The tragedy of four murdered teenagers in Israel has had more than emotional repercussions here in Canada. But it is unfair to blame foreign events for the shameful actions that took place in a Toronto suburb last Thursday, July 3.
The previous Monday, June 30, Eyal Yifrach, 19, Gilad Shaar, 16, and Naftali Fraenkel, 16, the three kidnapped Jewish teens, were found slain. Mohammed Abu Khdeir, a 16-year-old Arab, was subsequently killed in what appears to have been a revenge murder by a group of Jewish assailants.
Into this moment of tragedy and tension, in an act with predictable repercussions, the Jewish Defence League announced it would hold a protest over the murders outside Palestine House, in the Toronto suburb of Mississauga.
The Palestine House Educational and Cultural Centre bills itself as a not-for-profit organization that “serves as the educational, cultural and social centre for the Palestinian community in the Greater Toronto Area (in particular) and in Canada (in general).”
The Jewish Defence League, which was founded by the late Rabbi Meir Kahane, is viewed by many as a right-wing extremist group with vigilante tendencies. The respected Southern Poverty Law Centre has added the JDL to its hate group watch-list. The Anti-Defamation League has accused the JDL of harboring “thugs and hooligans.”
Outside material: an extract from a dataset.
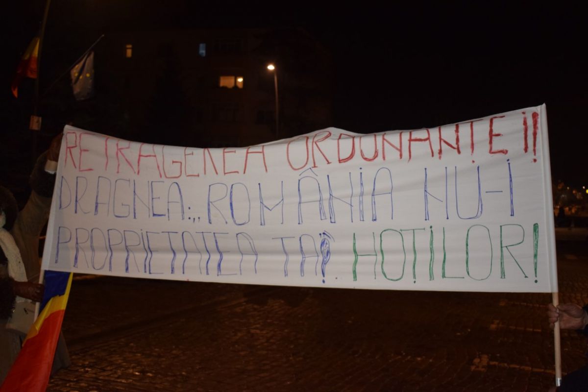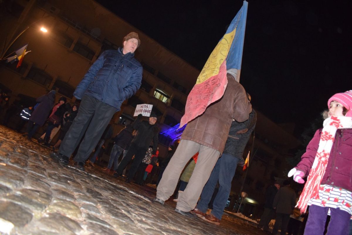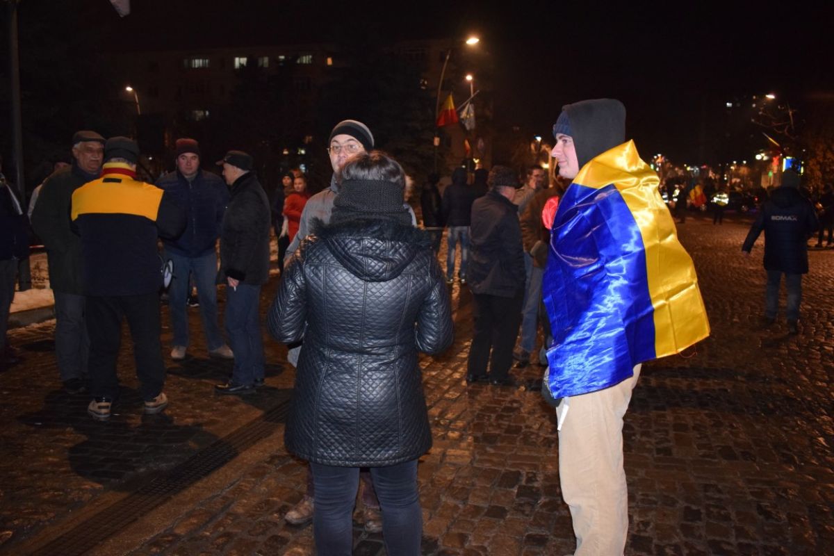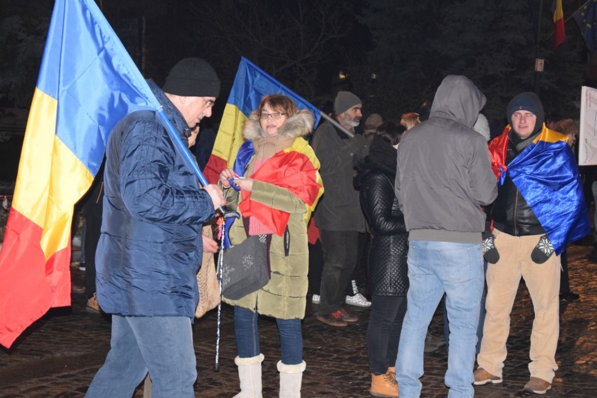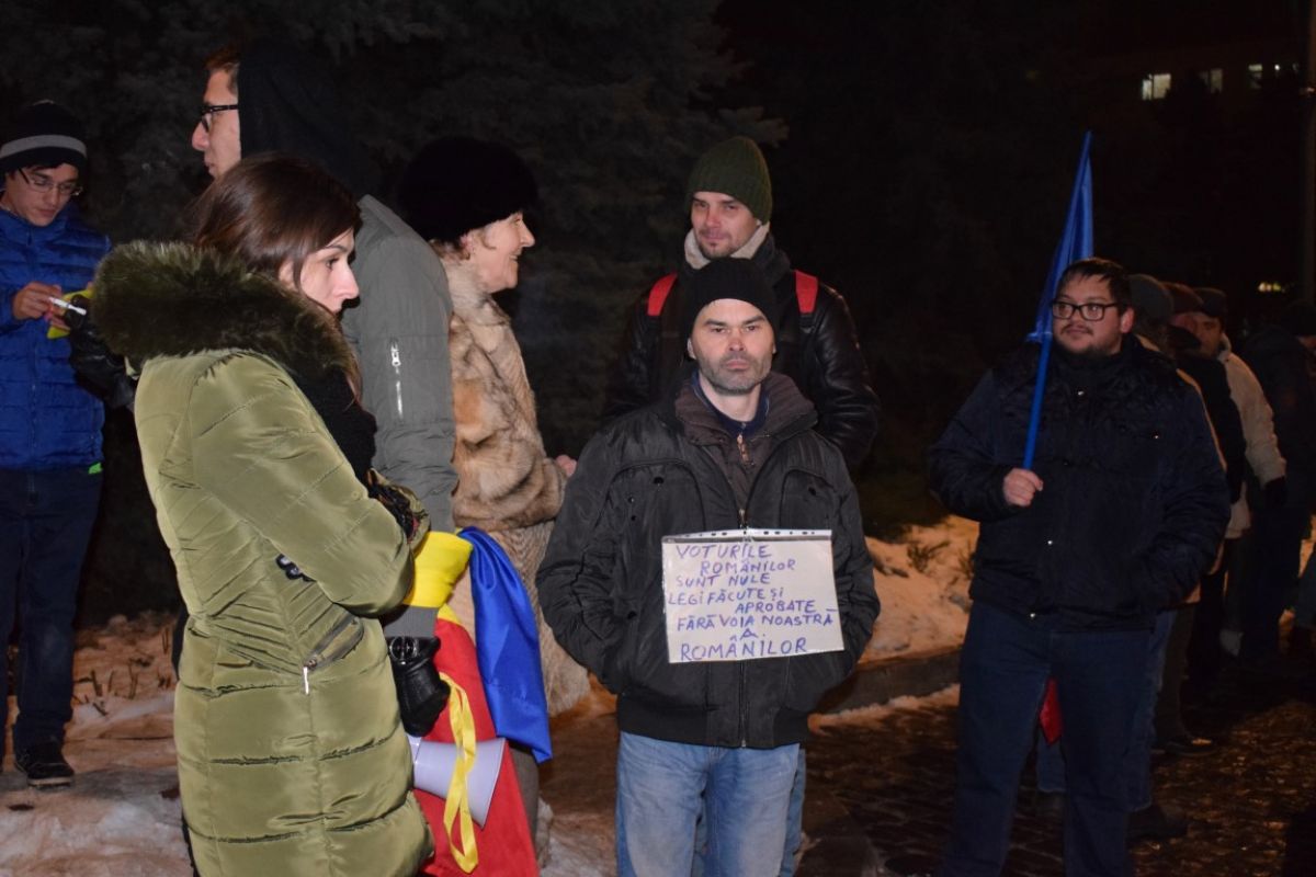 Ușor, ușor însă piața a început să se umple de oameni, parte care au fost și seara trecută, alții noi. Un domn a ieșit cu câinele de companie, altul decât în prima zi și cu un mesaj original care i-a amuzat pe ceilalți participanți : ”Sunteți așa de ticăloși că ați făcut și introvertiții să iasă în stradă”.

Predictably – the JDL having given advance notice – they arrived at Palestine House (backed up by some members of the motorcycle club Yidden on Wheels) to greet a large throng of Palestinian Canadians and their supporters already chanting anti-Israel slogans and waving anti-Israel placards and Palestinian (and Canadian) flags. What ensued was caught, as almost everything seems to be these days, on video. It leaves both sides looking like jackasses. Three people were injured as police struggled and failed to separate the mobs of competing thugs, most of the minor injuries seemingly from whacking with flagpoles as both sides paraded their respective ensigns and used them as weapons.
To say the scene was juvenile is an understatement. Jewish extremists show up, knowing their mere presence, let alone their antagonistic actions, will provoke another group at a time of understandable international tension. Not surprisingly, some of the Palestinian supporters took the bait. Mayhem ensued. Chauvinistic slogans and provocative gestures ruled the day. A couple of people were mildly hurt, but it could have been much worse.
By Canadian standards, though, this was a particularly nasty scene. And, while the fact that it happened during the week of Canada Day does not make it worse, it certainly doesn’t make it better.
The JDL and some similar groups view themselves as the embodiment of a “new Jew” that learned the tragic lessons of passivity. But if the JDL represents the future, we reject it entirely.
If the concept of a “new Jew” is at all legitimate, it is most reflected in the state of Israel. This type of “muscular Judaism” is about more than brute force. It is about attempting to defend and exemplify the values upon which Israel is based, and that it continues to strive to represent: rule of law, justice, fairness, humanitarianism, intercultural collaboration and mutual respect regardless of immutable characteristic. These are the same values that have made Canada among the safest, most secure, successful and welcoming nations for Jews, Palestinians and so many other people.
Events outside Palestine House last week suggest that both the JDL and those who engaged with them – pretty much all men, it might be worth noting – have something to learn about Canadian values.